*** Opening Information ***
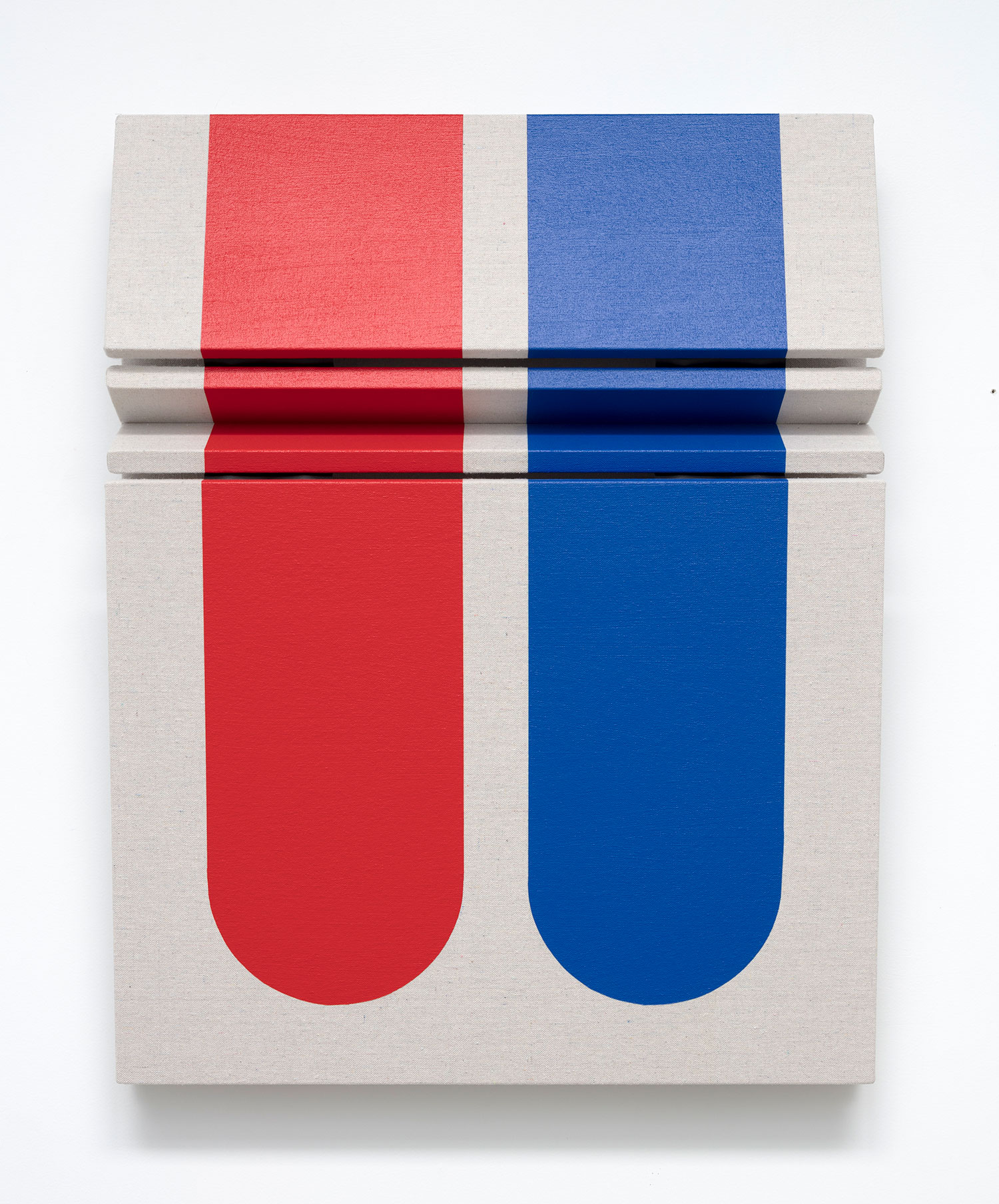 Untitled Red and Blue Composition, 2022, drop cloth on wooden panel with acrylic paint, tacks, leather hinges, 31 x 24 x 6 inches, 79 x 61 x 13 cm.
*** Closing Information ***
*** Opening Information ***
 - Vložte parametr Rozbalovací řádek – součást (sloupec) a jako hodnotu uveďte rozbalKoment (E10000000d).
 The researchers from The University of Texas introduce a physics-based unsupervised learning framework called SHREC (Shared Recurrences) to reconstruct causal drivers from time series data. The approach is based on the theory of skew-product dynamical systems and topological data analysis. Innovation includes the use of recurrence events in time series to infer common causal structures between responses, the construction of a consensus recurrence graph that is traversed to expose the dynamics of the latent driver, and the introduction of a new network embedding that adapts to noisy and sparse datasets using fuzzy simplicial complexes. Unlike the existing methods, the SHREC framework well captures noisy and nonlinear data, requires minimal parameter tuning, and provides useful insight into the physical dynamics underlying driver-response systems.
*** Closing Information ***
▶ _Exercise_:
There is a run of lines above from the one with "- Vložte parametr" to the one with "The researchers from"; print exactly that run, both ends included, and nothing else.

▶ _Task answer_:
 - Vložte parametr Rozbalovací řádek – součást (sloupec) a jako hodnotu uveďte rozbalKoment (E10000000d).
 The researchers from The University of Texas introduce a physics-based unsupervised learning framework called SHREC (Shared Recurrences) to reconstruct causal drivers from time series data. The approach is based on the theory of skew-product dynamical systems and topological data analysis. Innovation includes the use of recurrence events in time series to infer common causal structures between responses, the construction of a consensus recurrence graph that is traversed to expose the dynamics of the latent driver, and the introduction of a new network embedding that adapts to noisy and sparse datasets using fuzzy simplicial complexes. Unlike the existing methods, the SHREC framework well captures noisy and nonlinear data, requires minimal parameter tuning, and provides useful insight into the physical dynamics underlying driver-response systems.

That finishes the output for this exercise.